Problem 2221 RunningMan

Accept: 17    Submit: 52
Time Limit: 1000 mSec    Memory Limit : 32768 KB

 Problem Description

ZB loves watching RunningMan! There's a game in RunningMan called 100 vs 100.

There are two teams, each of many people. There are 3 rounds of fighting, in each round the two teams send some people to fight. In each round, whichever team sends more people wins, and if the two teams send the same amount of people, RunningMan team wins. Each person can be sent out to only one round. The team wins 2 rounds win the whole game. Note, the arrangement of the fighter in three rounds must be decided before the whole game starts.

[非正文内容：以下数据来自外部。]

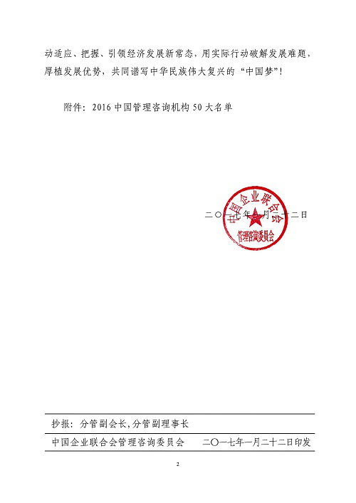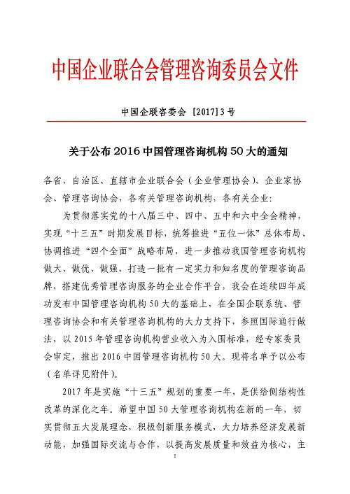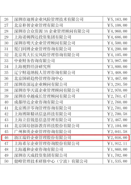 近日,中国企业联合会管理咨询委员会颁布了2016中国管理咨询机构50强名单,浙江瑞铃企业管理股份有限公司排名第 46位.
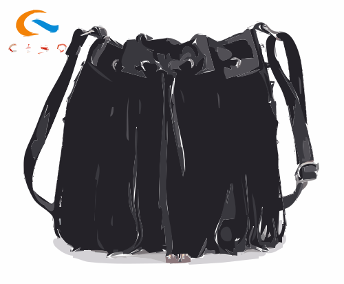 This features a black leather bag with tassels and a logo on it. The bag is large, occupying most of the frame, and has a strap that can be worn across the body or over the shoulder. The bag appears to be made from high-quality materials, giving it an elegant appearance. The tassels add a touch of sophistication to the overall design, making it stand out as a stylish accessory.
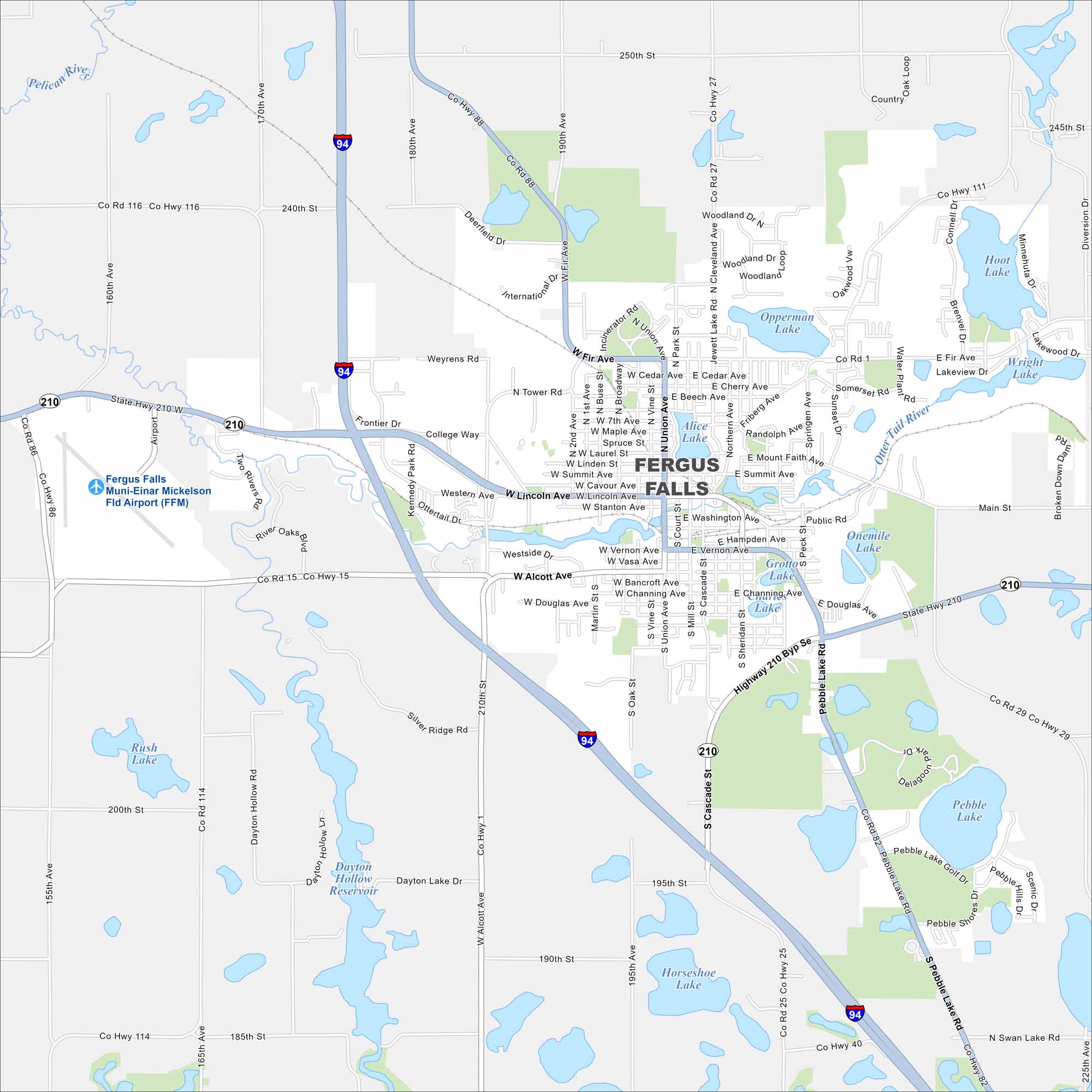 Fergus Falls sits in the heart of Minnesota lake country. The Otter Tail River cuts through town, connecting several small lakes.
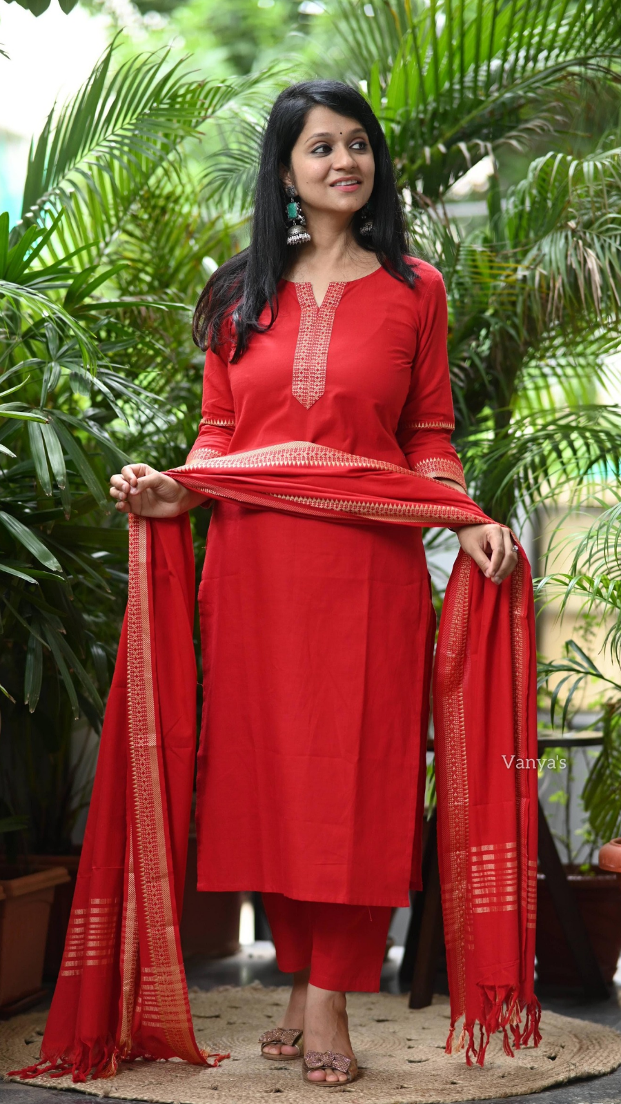 You will be so much in love with this Chettinad handloom cotton outfit for combinations of self golden thread handloom work kurta and south cotton pant paired with south cotton duppata self thread self weaving add a unique vibe.
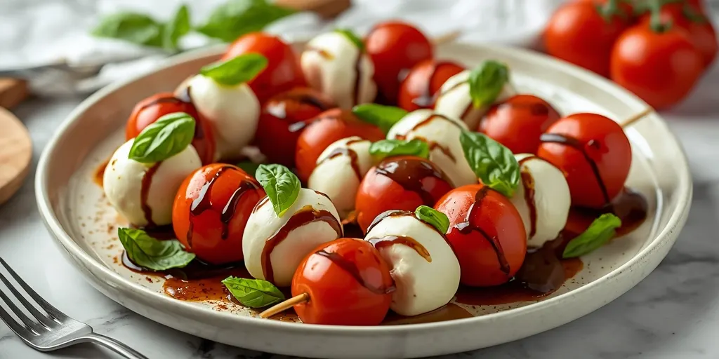 A vibrant Caprese Skewers Platter perfect for parties, featuring tomatoes, mozzarella, and basil drizzled with olive oil and balsamic glaze.
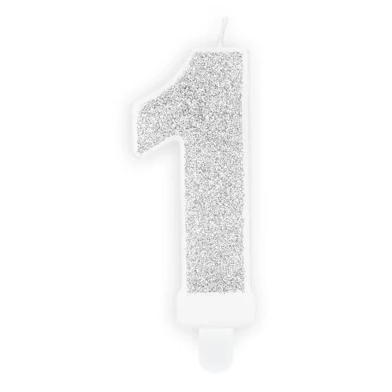 Fødselsdagslys tal 1 sølv 7cm festartiklerFødselsdagslys tal 1 sølv 7cm festdekorationerFødselsdagslys tal 1 sølv 7cm kagepynt
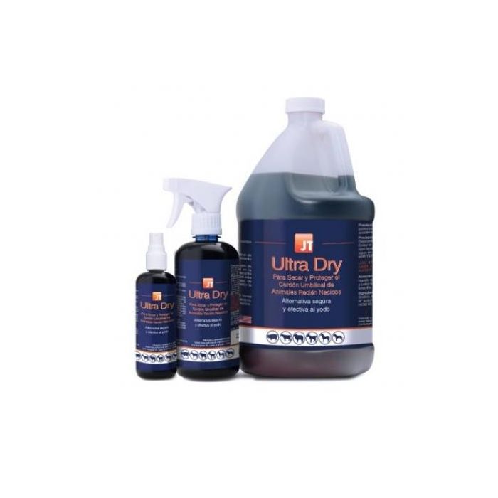 - INSTRUCCIONES DE USO Sumergir y limpiar el cordón umbilical de los animales dentro de los 30 minutos posteriores al nacimiento, cuando el cordón umbilical esté todavía húmedo. Usar una taza de inmersión, llene con JT Ultra Dry la copa de inmersión. Sumerja completamente el cordón umbilical en la solución JT Ultra Dry. Presione la copa de inmersión firmemente contra el abdomen del animal hasta que el cordón umbilical este completamente empapado. Asegúrese de vaciar la copa de inmersión de JT Ultra Dry después de cada uso para evitar la contaminación cruzada en los animales. El cordón umbilical puede sumergirse nuevamente 6 8 horas más tarde para acelerar el proceso de secado si fuera necesario, o en animales nacidos en condiciones o ambientes muy sucios. ESPECIES DE DESTINO Uso en animales en general Vacas, Ovejas, Cabras, Cerdos, Caballos, Perros, Gatos y Mamíferos en general.
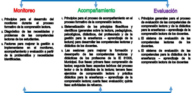 Ese proceso se desarrolló sobre la base de principios de gestión pedagógica sistematizados desde la teoría producida por el MINEDU y la experiencia de la gestión institucional. Asimismo, se sistematizaron los principios filosóficos y científicos (generales sobre la lectura, pedagógicos, psicológicos, didácticos, del profesorado y de la gestión para la enseñanza – aprendizaje de la lectura) en pro de desarrollar las competencias lectoras y la didáctica de los docentes de Primaria.
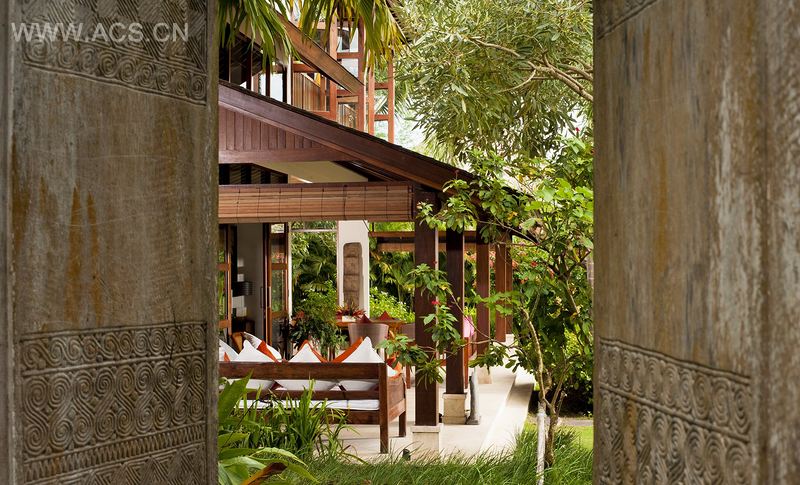 这个结构复杂的建筑包括一栋大主楼、一个客房、一个露台和一个佣人房。中心位置是游泳池,位于花园的中部。基础元素包括暖而高的木质屋顶、凉爽的大理石地面以及从露台进入的充足光线。这种条件下并不需要空调,但空调的安装能够为每个独立客房提供更极致的舒适。
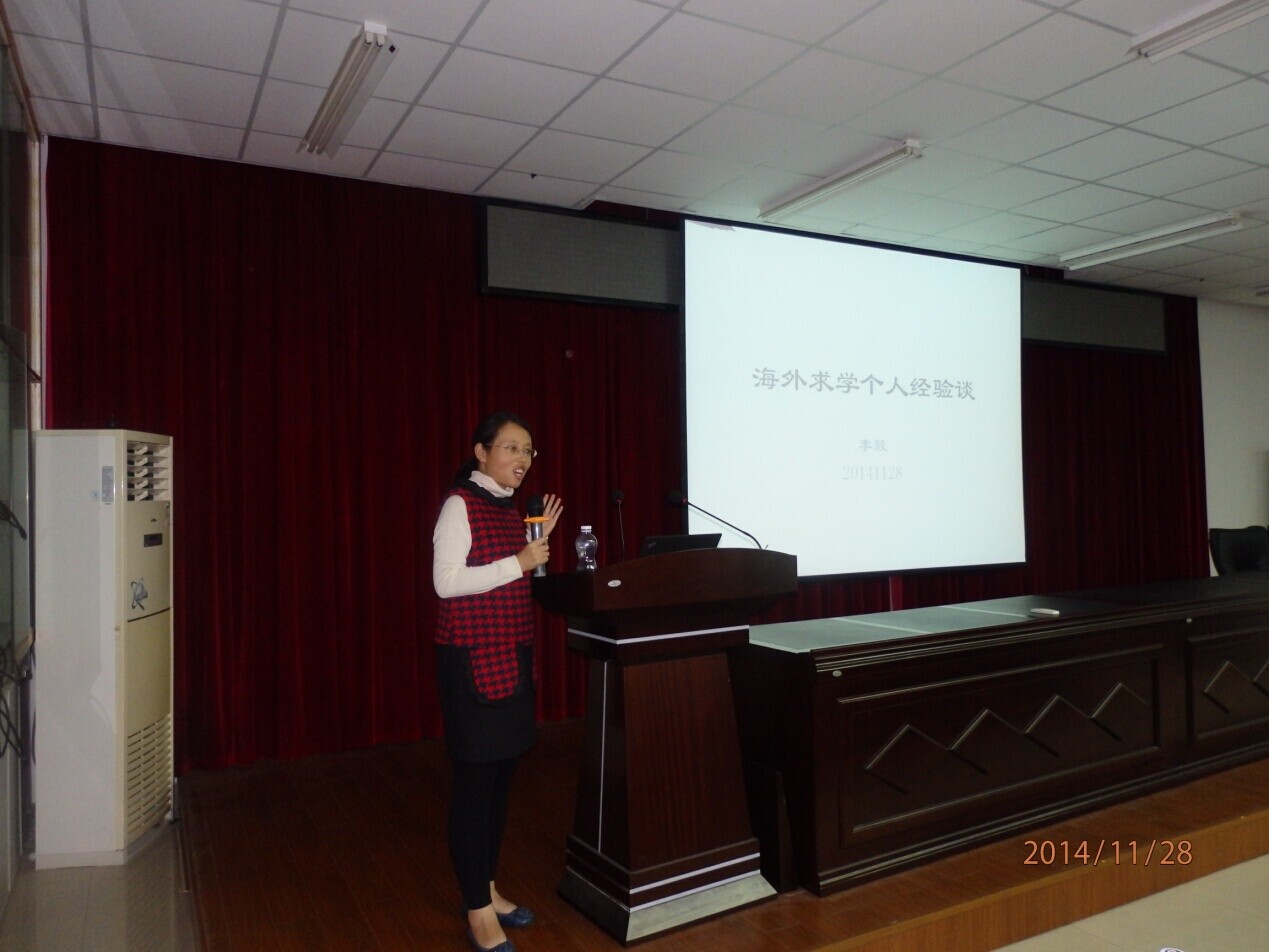 接着,洪堡教育奖学金获得者李毅教授以“海外求学个人经验谈”为主题做了一场精彩的报告。李毅教授针对出国攻读博士学位或从事博士后研究的奖学金进行详细的分类,并对各类奖学金的申请流程、申请的难易程度举例进行了分析,图文并茂、生动有趣地讲述了自己海外访学的经历和感受;随后,欧盟玛丽居里奖学金获得者林梅金研究员,以“也谈出国留学申请”为题,从“我的申请故事”、“影响申请的主要因素”、“申请材料的完美化”和“如何申请”等四个方面进行了详细的介绍。从申请的要求,到如何完美拿到自己心仪的offer,林梅金研究员热情洋溢地与同学们分享了自己的出国研修历程和体会。

We know that there are N people on the RunningMan team, and that there are M people on the opposite team. Now zb wants to know whether there exists an arrangement of people for the RunningMan team so that they can always win, no matter how the opposite team arrange their people.

 Input

The first line contains an integer T, meaning the number of the cases. 1 <= T <= 50.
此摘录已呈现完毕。